When a wife struggles with discovering her husband involved in porn on any level, it is helpful to her just to know she is not alone in asking those awful, but common, questions. He is not really so different from every other man addicted to pornography in the way he treats her, and she is not so different in the way she responds to him and that knowledge. We are more alike than we are different. Through the ages and across cultures, the human heart hasn’t changed much…we are still created in the image of God, but marred by sin which has changed everything. Yet sin has a certain predictable pattern it follows once the “sin of choice” is established in an individual’s life. That’s what Scripture means when it says we become a slave to sin…we no longer control it, but it controls us and we follow it’s course in a downward spiral until we allow Christ to intervene by changing who is our Master (Romans 6-8).

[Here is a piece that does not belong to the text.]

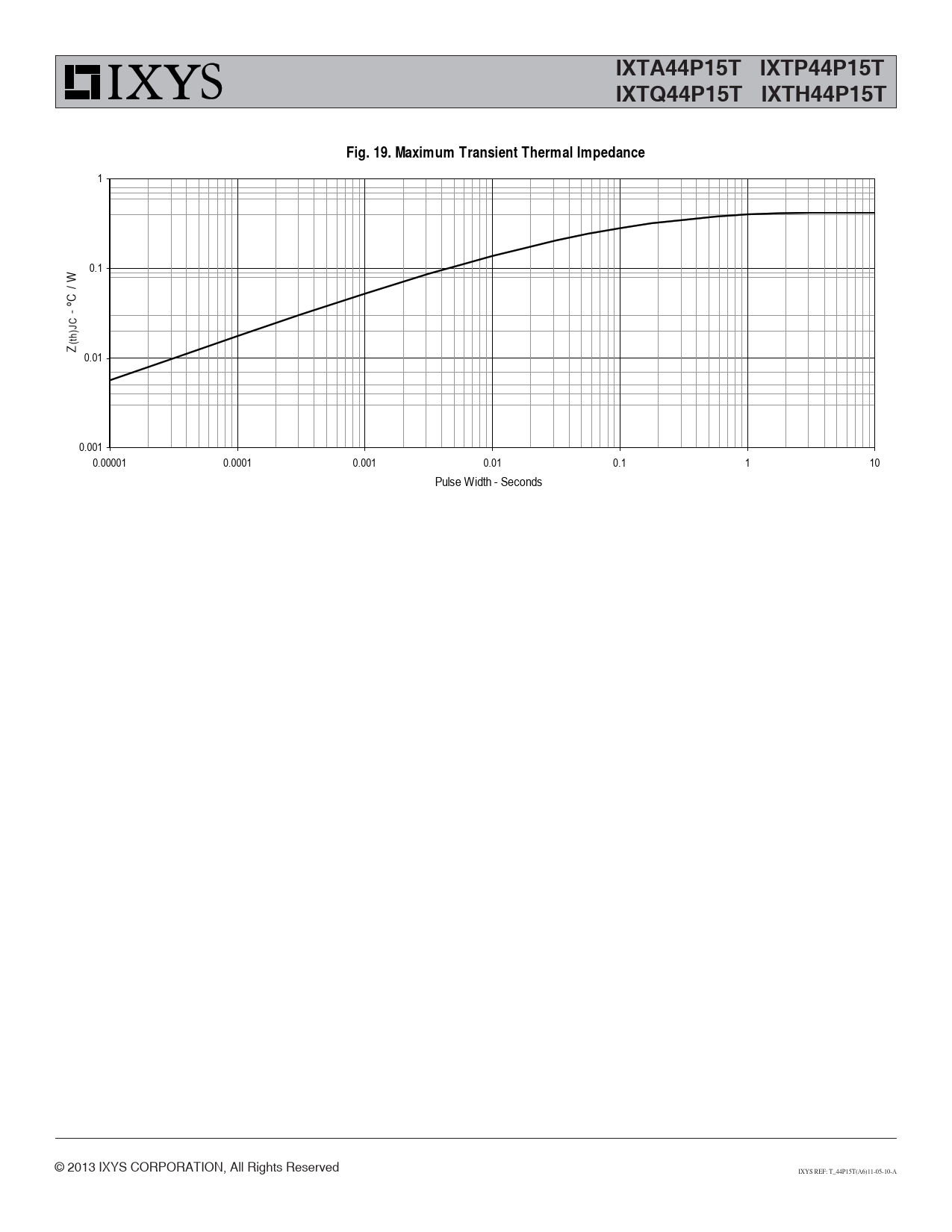 1 0.1 / W C º - )JC Z(th 0.01 0.001 0.00001 0.0001 0.001 0.01 0.1 1 10 Pulse Width - Seconds © 2013 IXYS CORPORATION, All Rights Reserved IXYS REF: T_44P15T(A6)11-05-10-A
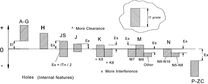ISO Hole Nearest Dim to Zero (Fundamental Deviation) ..Holes sizes 0-400mm...

How do we help the wife who struggles with believing she is somehow responsible for his choices? She must believe God’s Word that each of us is individually responsible for the choices we make. No one, including the devil, can make a true follower of Christ sin! We may set a stage making it easier for another to choose to sin, but they are still individually responsible for their decision to act out on the temptation, or to cry out to the Lord for his help (1 Corinthians 10:13-14) and to claim the victory promised true believers (Romans 8:37-39).
Our next goal would be to help that wife find her true identity in Christ alone. She needs to be fortified in her own walk with the Lord, confident in who she is as an individual known and loved by God, forgiven and approved by her Heavenly Father. As she grows “vertically” in her relationship with the Lord and is satisfied in His love, she can better evaluate all of her “horizontal” relationships to see what, if anything, needs to change to honor the Lord. She will then be less vulnerable to believe every lie she hears (either in her head or from her husband) about blaming herself for his sin because she isn’t good enough. Daily she grows stronger by walking with her Lord (Matthew 11:28-30) and believing His evaluation of her (Ephesians 1-3).
Sue’s husband was caught again: he viewed pornography and said it was her fault because she didn’t give him what he wanted. She had all the “normal” questions: What did she do wrong to make him struggle so in lust? No, she hadn’t been a perfect wife, yet she tried to honor and serve him in all the proper ways, including being his sexual companion and lover. She regularly made love to him, but refused when he began to ask her to do “kinky things” he had learned from his pornography. He then lashed out in anger with a barrage of accusations she couldn’t imagine. She had always thought their relationship had been pretty good. Now she heard that he blamed her for his struggle since she wasn’t “with him” in his sexual desires, so he “had to look elsewhere to feel like a real man.” He admitted he had struggled since his teens and thought marriage would cure his problem. Now he blamed her that he still struggled.
Sue bought into his blame game until we looked at Biblical truth. She began her road to healing, and encouraged him to get help to renew his mind in God’s Word and to change for God’s glory (Romans 12:1-2, Ephesians 4:17-24). He got counseling and became accountable to godly men. It wasn’t an overnight change for either of them, but it was the beginning of a satisfying marriage with two vertically committed partners dependent on the Lord for strength and wisdom to walk in victory. When both saw the Lord as “enough” for them as individuals, then each was free to love the other as God intended in marriage.
My husband says when he has access to pics of women other than myself that he is just looking not lusting. I told him if he masturbates that he cannot just be looking, but lusting. He said he masturbated at the age of 12 and did not have a woman pic with him. I believe his thinking is warped and that this is his explanation to justify to continue to look at pics of other women. What is your take on this? Thanks in advance for your response.
I agree with you. I responded to “Darlene” about this same question here.
Hi, I have just started this journey speaking to women about my husbands struggle w/ porn in our marriage. I have felt all those things a women feels. I’m a Christian, I give my testimoney, and then I focus on the DISRESPECT I gave my husband. I didn’t know then how my words could affect him so much. I want women to know I needed to lay it at my Saviors feet before I could be healed, and that took some time. But when I finally cried out, God started to mend my heart, and really started to save my marriage. I’m praying God opens more doors for me to speak and Glorify His name in this trial!
@Megan – Sounds like a great message you are giving to others! I highly encourage you to keep it up!